■ WHAT YOU HAVE TO DO
For the data below, retype word for word the lines from the one containing "Temvideo - 专为跨境电商营销设计的视频制作 Agent。 - 初创.work" through the one containing "The suicide of"; drop the pictures.

[Opening AVAILABLE RECORDS section]

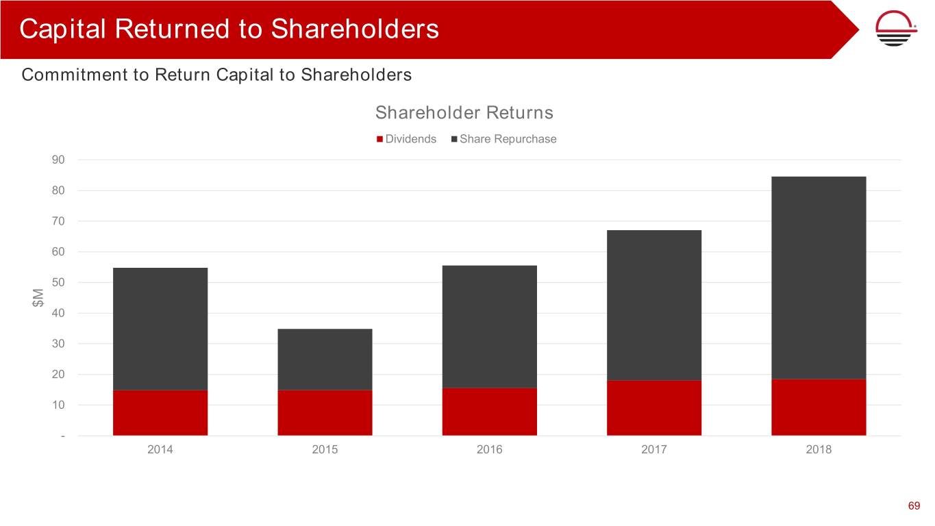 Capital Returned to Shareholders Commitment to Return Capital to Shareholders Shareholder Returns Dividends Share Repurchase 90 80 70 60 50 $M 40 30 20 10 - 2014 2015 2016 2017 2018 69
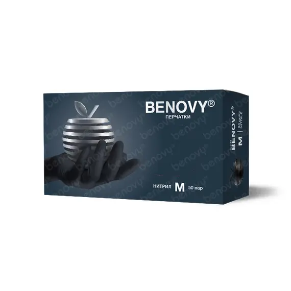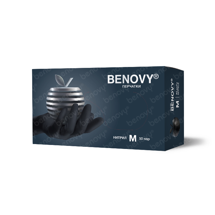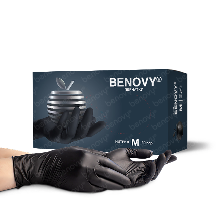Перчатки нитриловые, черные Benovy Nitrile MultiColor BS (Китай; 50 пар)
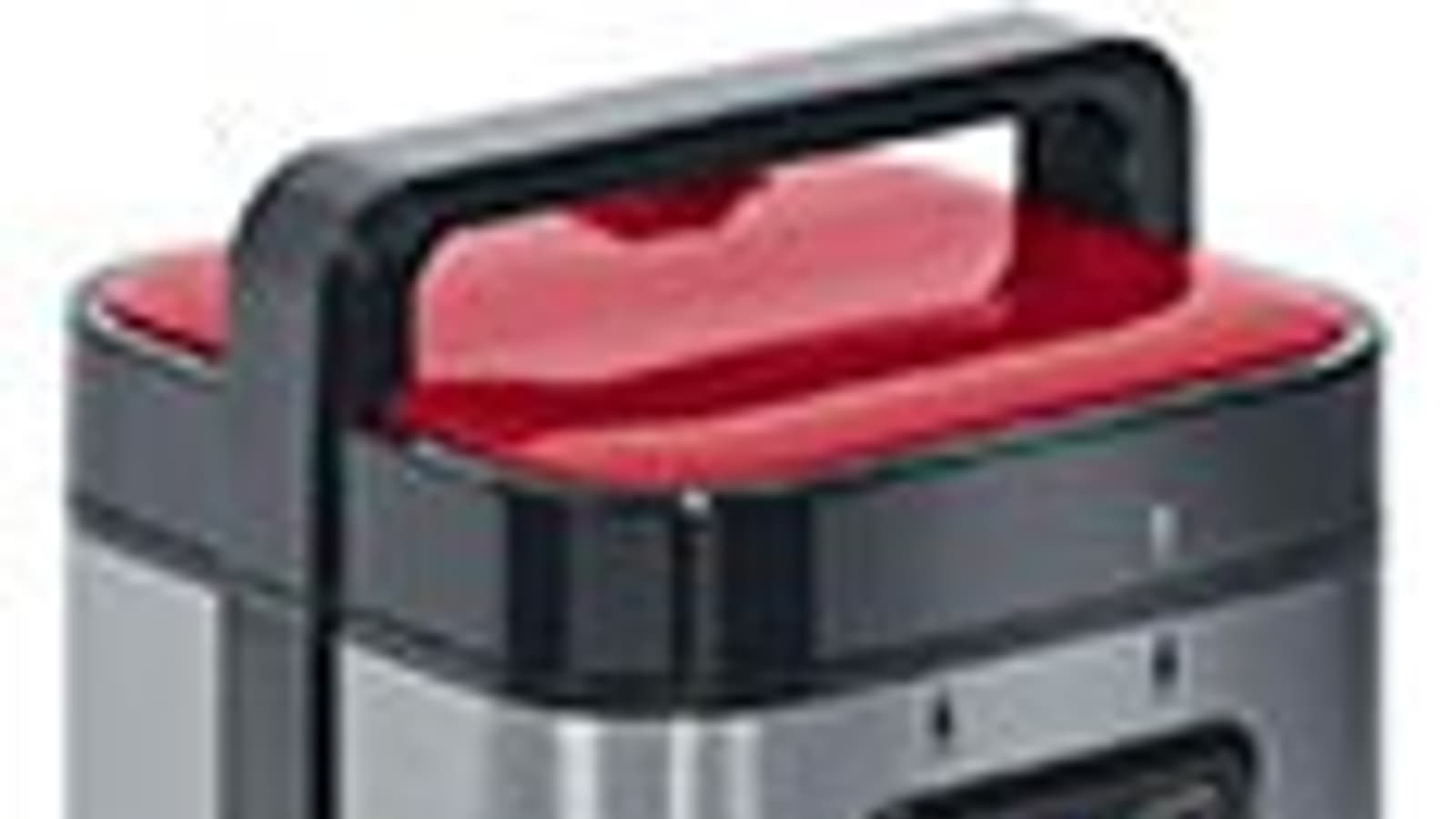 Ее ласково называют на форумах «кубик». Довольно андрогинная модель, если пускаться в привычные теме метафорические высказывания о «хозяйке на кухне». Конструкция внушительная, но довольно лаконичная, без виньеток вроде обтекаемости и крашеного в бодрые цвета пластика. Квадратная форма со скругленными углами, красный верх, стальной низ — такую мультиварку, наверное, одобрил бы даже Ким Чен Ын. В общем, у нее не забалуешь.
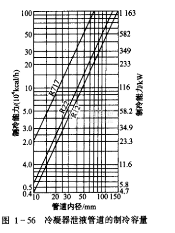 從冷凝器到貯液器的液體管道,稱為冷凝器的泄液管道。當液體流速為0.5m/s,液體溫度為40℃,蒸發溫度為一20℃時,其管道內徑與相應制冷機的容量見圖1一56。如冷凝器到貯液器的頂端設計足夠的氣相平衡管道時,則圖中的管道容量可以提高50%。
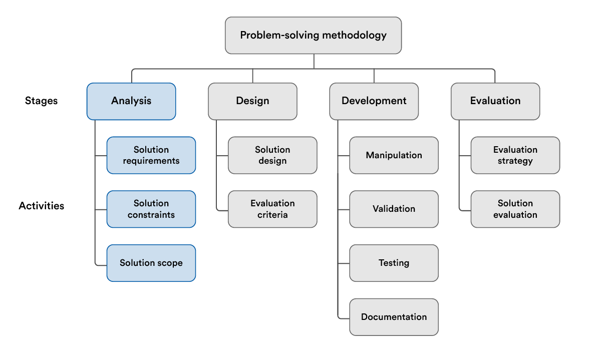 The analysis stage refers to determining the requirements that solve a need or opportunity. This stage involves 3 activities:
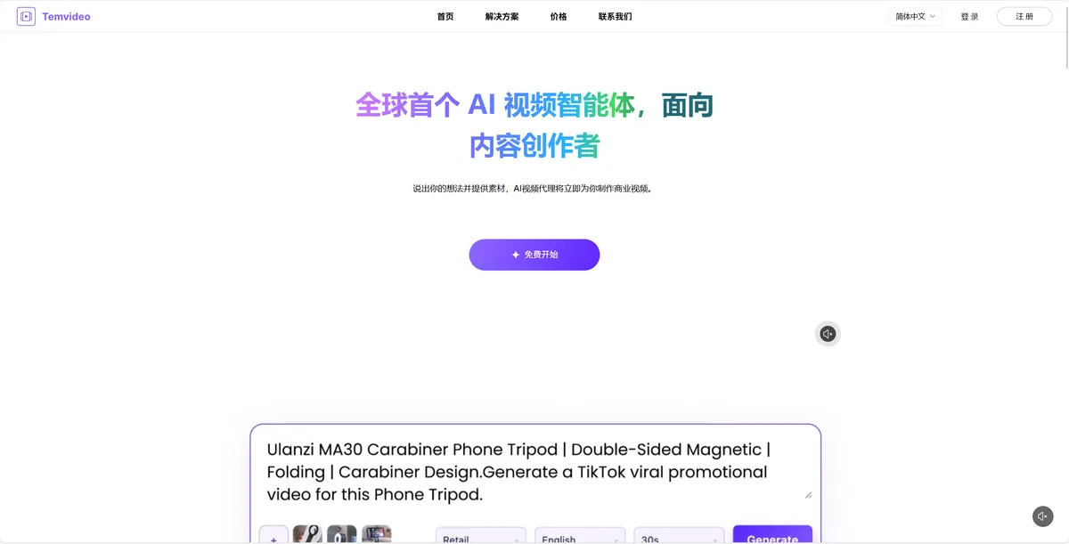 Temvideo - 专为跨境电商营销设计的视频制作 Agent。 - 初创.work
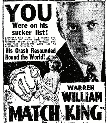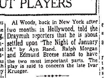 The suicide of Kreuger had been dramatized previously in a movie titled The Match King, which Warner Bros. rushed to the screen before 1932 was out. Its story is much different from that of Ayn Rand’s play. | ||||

[Closing AVAILABLE RECORDS section]
[Opening AVAILABLE RECORDS section]

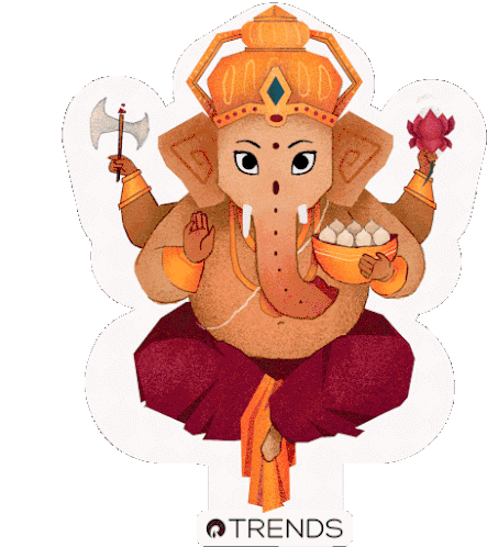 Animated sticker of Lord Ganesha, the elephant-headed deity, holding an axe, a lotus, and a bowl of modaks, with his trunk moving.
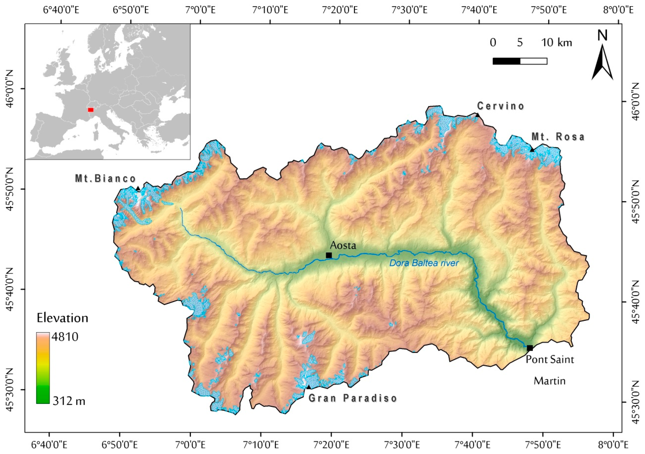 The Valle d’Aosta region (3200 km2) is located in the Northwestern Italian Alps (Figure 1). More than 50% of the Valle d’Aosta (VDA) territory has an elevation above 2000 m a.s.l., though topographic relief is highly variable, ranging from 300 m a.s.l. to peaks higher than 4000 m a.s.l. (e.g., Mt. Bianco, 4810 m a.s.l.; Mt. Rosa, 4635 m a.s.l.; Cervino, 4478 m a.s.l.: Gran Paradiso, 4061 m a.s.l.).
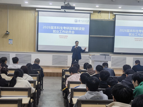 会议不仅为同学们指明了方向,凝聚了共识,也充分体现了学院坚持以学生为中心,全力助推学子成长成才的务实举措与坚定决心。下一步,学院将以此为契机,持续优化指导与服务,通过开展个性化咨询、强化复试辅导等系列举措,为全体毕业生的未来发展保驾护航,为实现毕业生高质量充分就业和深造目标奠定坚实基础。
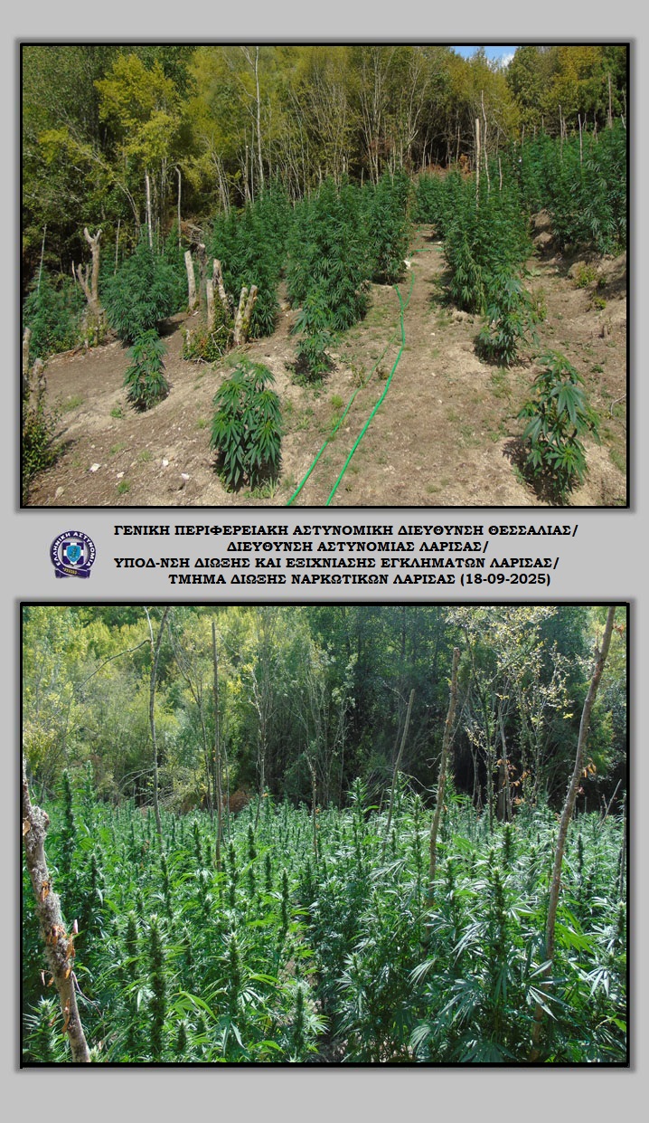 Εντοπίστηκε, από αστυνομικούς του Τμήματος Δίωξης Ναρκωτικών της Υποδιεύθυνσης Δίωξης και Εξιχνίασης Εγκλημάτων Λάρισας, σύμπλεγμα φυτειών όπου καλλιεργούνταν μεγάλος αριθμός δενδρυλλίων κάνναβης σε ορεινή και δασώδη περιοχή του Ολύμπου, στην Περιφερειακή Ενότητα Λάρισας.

[Closing AVAILABLE RECORDS section]
[Opening AVAILABLE RECORDS section]

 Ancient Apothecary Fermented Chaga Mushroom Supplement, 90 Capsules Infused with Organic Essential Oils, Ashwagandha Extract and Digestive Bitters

[Closing AVAILABLE RECORDS section]

■ REPLY
 Temvideo - 专为跨境电商营销设计的视频制作 Agent。 - 初创.work
 The suicide of Kreuger had been dramatized previously in a movie titled The Match King, which Warner Bros. rushed to the screen before 1932 was out. Its story is much different from that of Ayn Rand’s play. | ||||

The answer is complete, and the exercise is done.